#### [Task description]
Pictures are not part of the copy. Set down exactly the lines from the one containing "于是,涪陵榨菜正在攻克四川泡" through the last line of the material below.

#### [Available data]
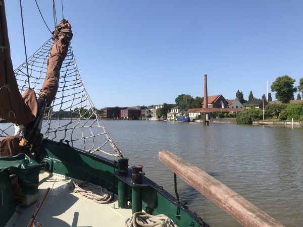In der Woche vor dem Törn wurden fleißig Vorräte eingekauft und gebunkert. Am 21. Juni kam um 10:15 Uhr das lang ersehnte Kommando „Leinen los!“. Über Delfzijl ging es am dritten Tag nach Groningen, wo wir direkt in der Innenstadt festmachen und übernachten konnten. Anschließend führte der Weg bis ins Lauwersmeer. Hier konnte dann neben dem Großsegel und der Fock auch das Besansegel gehisst und schöne Manöver gefahren werden. Auf dem Rückweg konnte dann auch wieder im Dollart gesegelt werden. Bei drei bis vier Windstärken herrschte perfektes Segelwetter. Die Kinder hatten die reinste Freude, wenn das Schiff in den Wellen rollte und ein bisschen Achterbahnfeeling aufkam. Am Sonntag, 29. Juni 2025 haben wir um 15:35 Uhr wieder im Hafen in Leer angelegt.
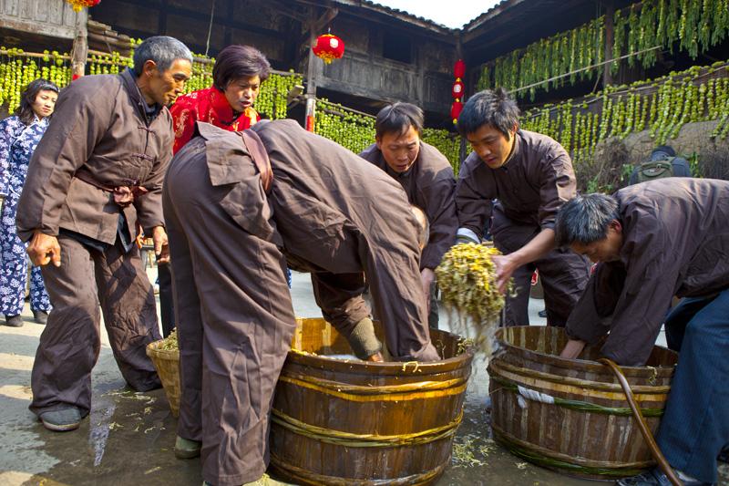 于是,涪陵榨菜正在攻克四川泡菜的技术难题,分为炒制和二次发酵两个阶段,解决泡菜在常温状态下的储存问题。
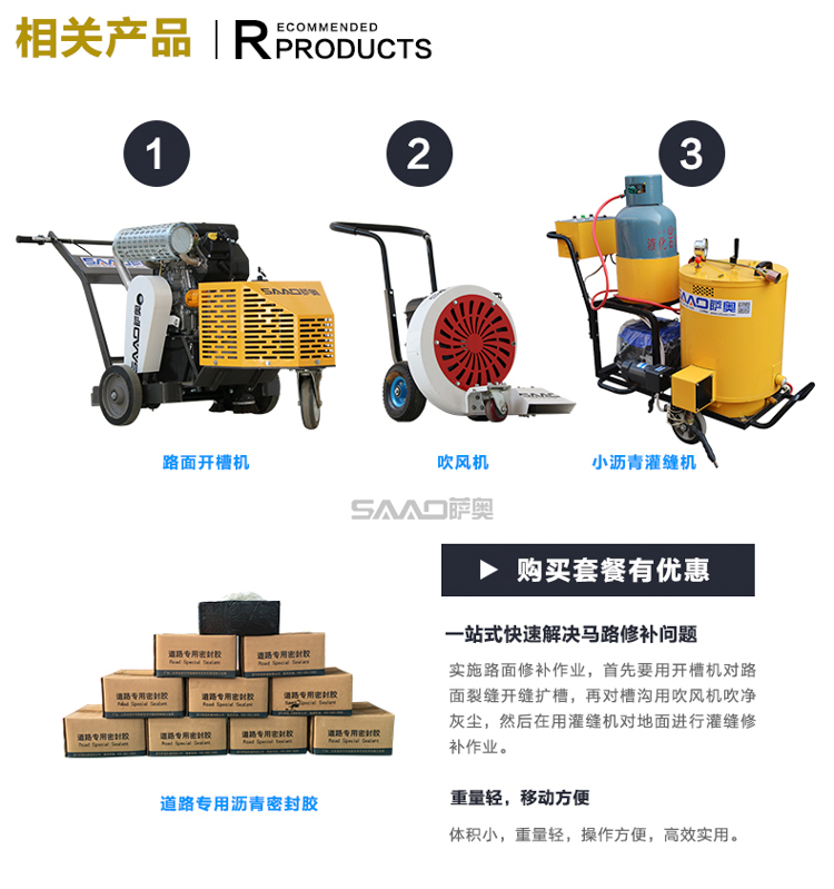 開槽機(jī)主要用于瀝青、水泥路面裂縫病害處治時(shí)的開槽作業(yè)。通過特制金剛石刀片快速將不規(guī)則裂縫整理成均勻的凹槽,形成新的結(jié)合面。優(yōu)化灌縫材料與縫槽的接觸層面,加強(qiáng)灌縫材料與縫槽側(cè)壁粘結(jié)的緊密性。
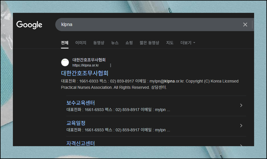 대한간호조무사협회 사이트에 접속하는 가장 간단한 방법을 알려드릴게요. 포털 검색창에 'KLPNA'만 입력하면 바로 찾을 수 있어요. 긴 주소를 외울 필요도 없고, 즐겨찾기를 할 필요도 없습니다. 안전하게 공식 홈페이지에 접속해 주세요.
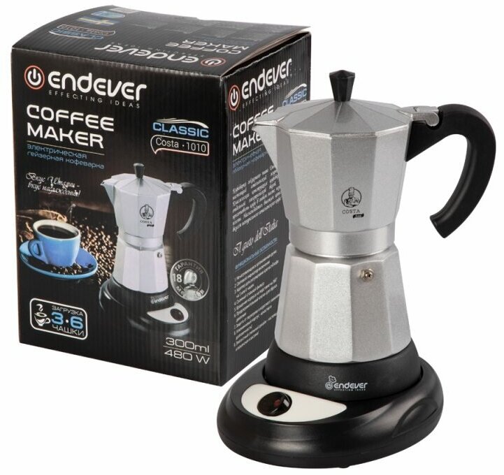 Device type: coffee maker, type: geyser, type of coffee used: ground, drink type: espresso, volume: 0.30 l, design features: power indicator

#### [Output for this exercise]
 于是,涪陵榨菜正在攻克四川泡菜的技术难题,分为炒制和二次发酵两个阶段,解决泡菜在常温状态下的储存问题。
 開槽機(jī)主要用于瀝青、水泥路面裂縫病害處治時(shí)的開槽作業(yè)。通過特制金剛石刀片快速將不規(guī)則裂縫整理成均勻的凹槽,形成新的結(jié)合面。優(yōu)化灌縫材料與縫槽的接觸層面,加強(qiáng)灌縫材料與縫槽側(cè)壁粘結(jié)的緊密性。
 대한간호조무사협회 사이트에 접속하는 가장 간단한 방법을 알려드릴게요. 포털 검색창에 'KLPNA'만 입력하면 바로 찾을 수 있어요. 긴 주소를 외울 필요도 없고, 즐겨찾기를 할 필요도 없습니다. 안전하게 공식 홈페이지에 접속해 주세요.
 Device type: coffee maker, type: geyser, type of coffee used: ground, drink type: espresso, volume: 0.30 l, design features: power indicator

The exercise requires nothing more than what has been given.